I assume that the defensive copy is taken synchronously with the call site, otherwise the caller could mutate the message object before/while it is copied. Is that correct?

Correct.

That being said, that's actually what the Orleans documentation states: "that neither the provider of the value nor the recipient of the value will modify it in the future", which implies ever at any point in the future

It's easier to specify the contract this way, otherwise it's more nuanced. It's domain specific, which may work in your case, but the documentation is safe advice for typical users. If you are sure you're not referencing an object after a call completes, then do as you see fit with it.

If Orleans could be configured to take a defensive copy only when invoking a method of a grain in the same silo, then we wouldn't need to mark our message objects as immutable to avoid the defensive copy; and therefore we wouldn't run any risks that we were breaking something by mutating a message object marked immutable by recycling it.

We've been over the complications with this. It would be nice to do the minimum work possible in all cases. In future it might be feasible to implement it as an optimization. For the time being, you have the controls on a per-type and per-method basis that you can use. It's also speculation that this will be problematic.

Note also that I can only really recycle messages on the sending side because Orleans doesn't provide an option to configure a factory method to instantiate message object instances, which means Orleans cannot be configured to draw message objects from the object pool on the receiving side.

You have pretty much full control, don't you? You should be able to implement pooling and avoid allocation. The new serialization framework is undocumented, but it was designed with zero-alloc RPC in mind (see the vid).

ReubenBond avatar Sep 16 '22 22:09 ReubenBond

It's also speculation that this will be problematic.

Some additional context I can provide at this stage - some grains under maximum load will receive about 50,000 calls per second with 5 kB messages being exchanged. So for those grains, that would be 250 MB per second of defensive copies being made per grain.

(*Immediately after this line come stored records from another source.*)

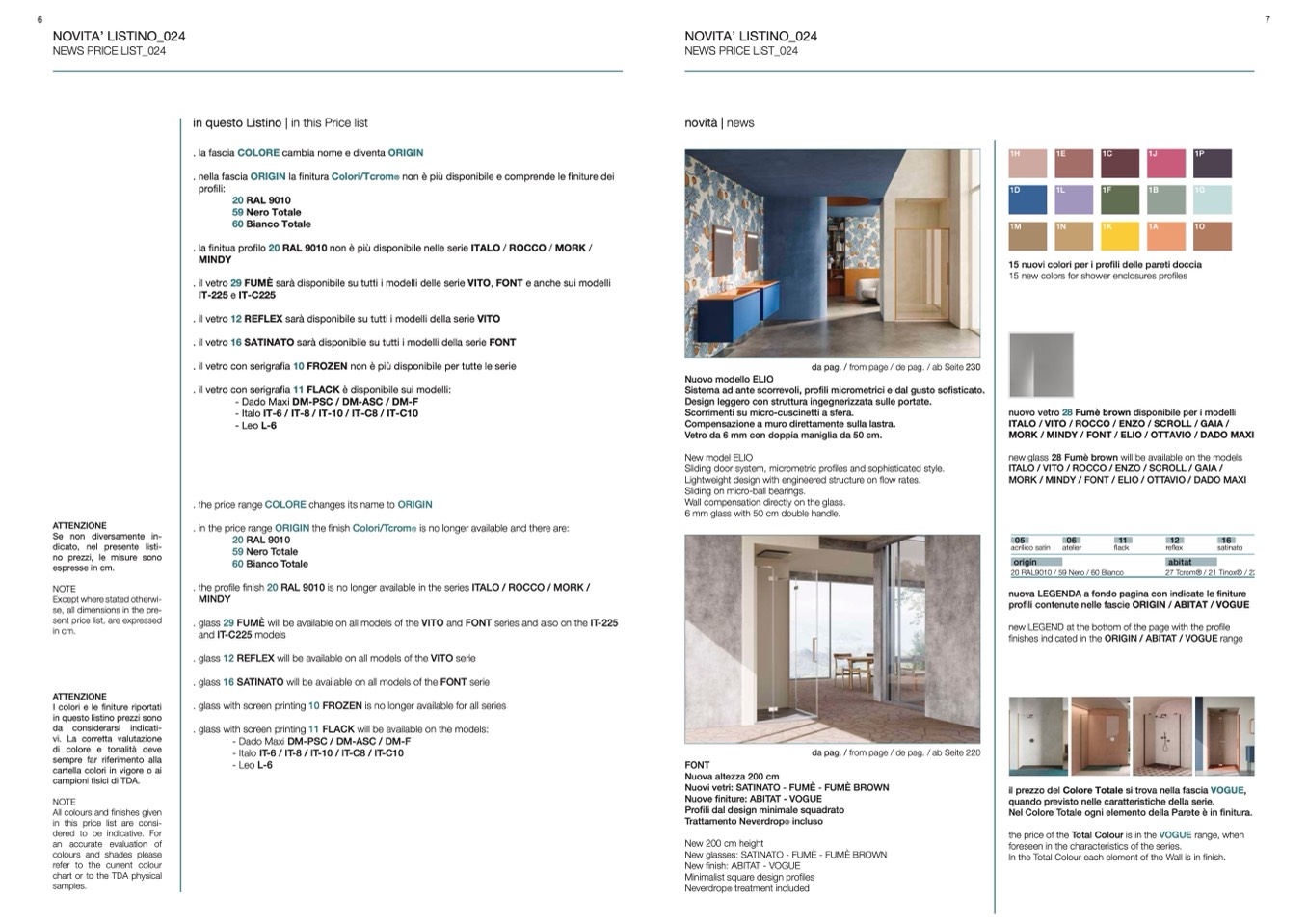 15 nuovi colori per i profili delle pareti doccia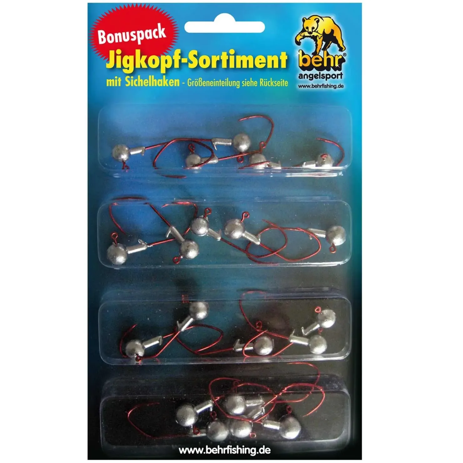 Merkmale Behr Jigkopf Set 3 20 Stück: Inhalt 20 Jigköpfe – Hakengröße 4/0 – Gewicht 3, 5, 7 und 9 Gramm – Hakenfarbe rot. Klassische Rundkopf-Form – Ausgelegt für Köderlänge von 10 bis 15 Zentimeter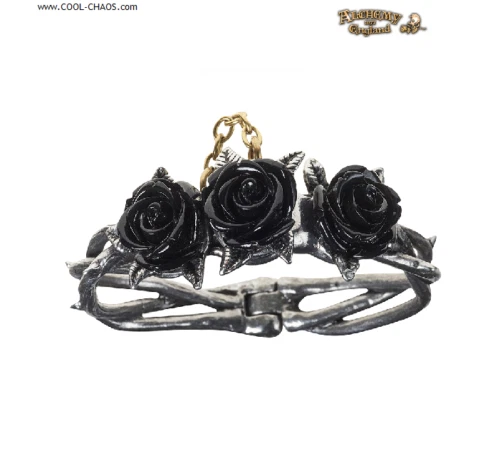 Three mysterious black roses, fixed to a thorny vine. Middle rose has a hidden magnet, and detaches when you want to remove the bracelet. Approximate Dimensions: S/M: Height 1.62″ x Width 2.25″ x Depth 0.50″ Materials: Fine English Pewter, Black Enamel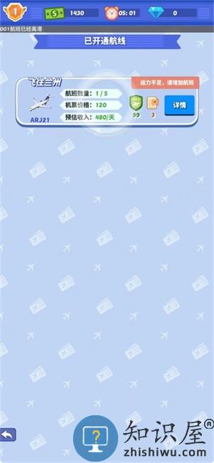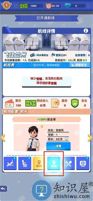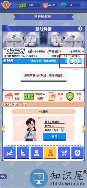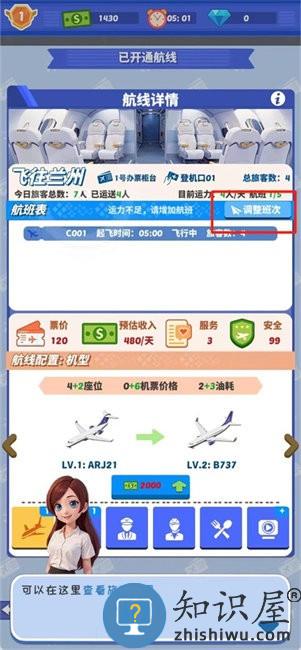 3、都招募好之后,就可以开启第一个航线了。点击【调整班次】,之后点击开启5:00那一班;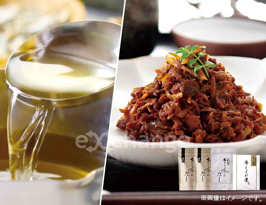 | セット内容 | だしパック8g×10入×1袋、だしパック匠(食塩不使用)11g×10入×2袋、牛しぐれ煮50g×1袋 |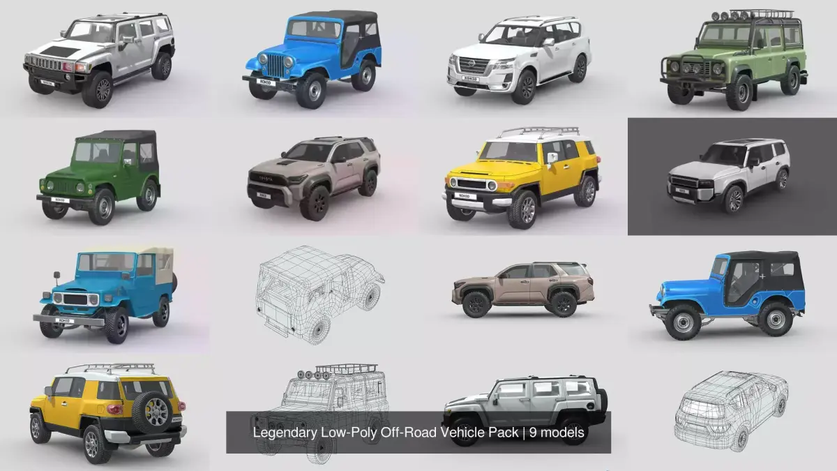 This collection features a curated set of low-poly 3D vehicle models designed for maximum performance without sacrificing visual quality.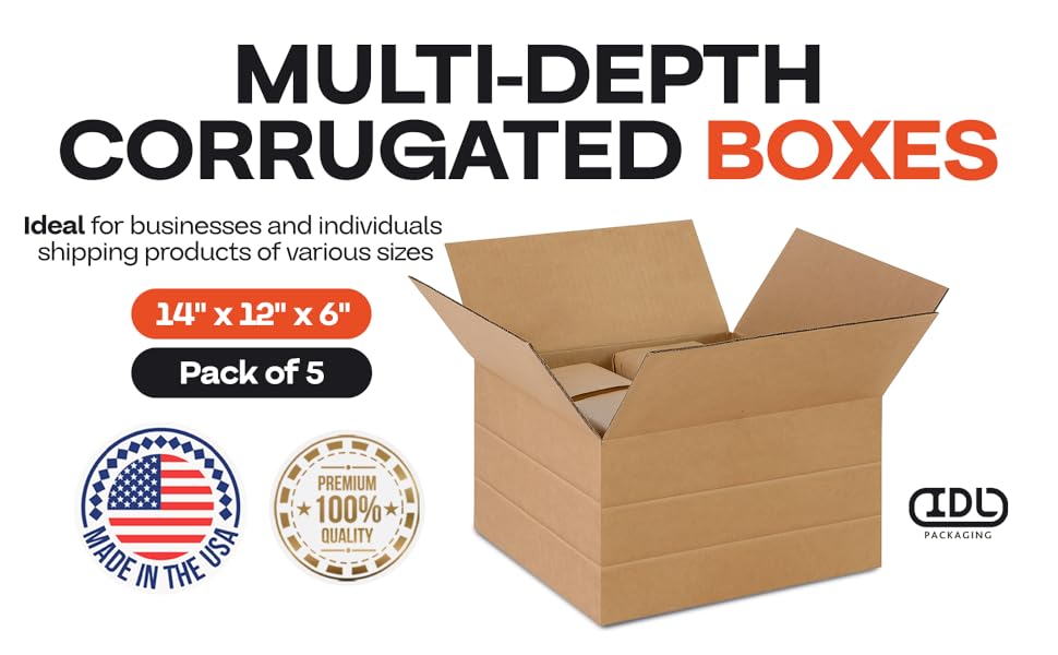 Multi-Depth Corrugated Shipping Boxes, 14"L x 12"W x 6"H, Pack of 5 - USA-Made Boxes for Moving, Storage & Small Business Packaging - Heavy-Duty Cardboard Bines for Household & Office by IDL Packaging in Kuwait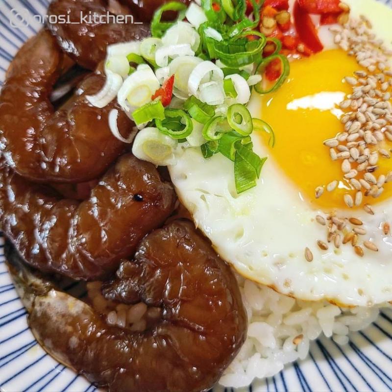 오동통한 새우장에 계란후라이 하나 올리고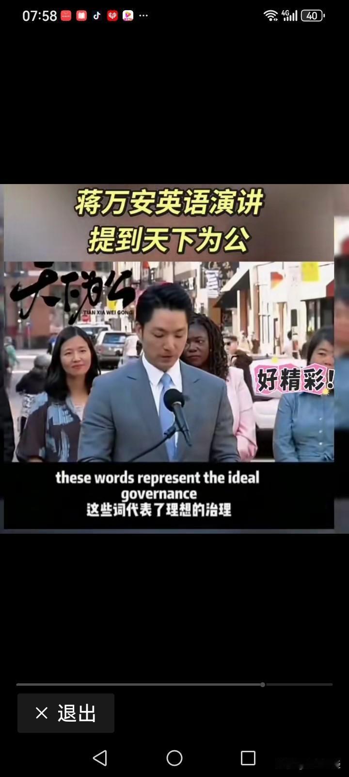 蒋万安在波士顿市政厅前的演讲中,将“天下为公”与孙中山理念关联,强调其体现人本治

Note that Protobuf serialization/deserialization time has been measured at about 16 us, which means messages can be serialized/deserialized at 62,500 messages per second (using two vCPUs across two different silos - one for serialization and one for deserialization), which is 312.5 MB/s per grain. And the work being done by each grain is done on one vCPU and takes about 20 us per message, so that's handling 50,000 messages per second.

The grain code doing the work is (and should be) the bottleneck, so that means 50,000 calls per second, which means 250 MB/s serialization/deserialization per grain.

If you are sure you're not referencing an object after a call completes, then do as you see fit with it.

Okay great. Given this, I can mark message objects as immutable to avoid the defensive copy and mutate them after grain method calls complete.

In future it might be feasible to implement it as an optimization.

I think that would be a great addition. Would you like me to open a new issue for this feature request?

You have pretty much full control, don't you? You should be able to implement pooling and avoid allocation.

How can I recycle message objects on the receiving side, since Orleans instantiates them? Object pooling is only effective if new instances are drawn from the pool.

bill-poole avatar Sep 17 '22 05:09 bill-poole

Would you like me to open a new issue for this feature request?

I don't think we need to - it will naturally be considered during perf optimization cycles & issues aren't used to prioritize perf work, profiling is.

How can I recycle message objects on the receiving side, since Orleans instantiates them?

Orleans allows you to choose how your objects are constructed by letting you register an IActivator<T> via [RegisterActivator] and placing the [UseActivator] attribute on the type to tell it that it shouldn't create it via new. The activator is constructed using DI (ActivatorUtilities.GetServiceOrCreateInstance), so you can reference pools/options/etc from there.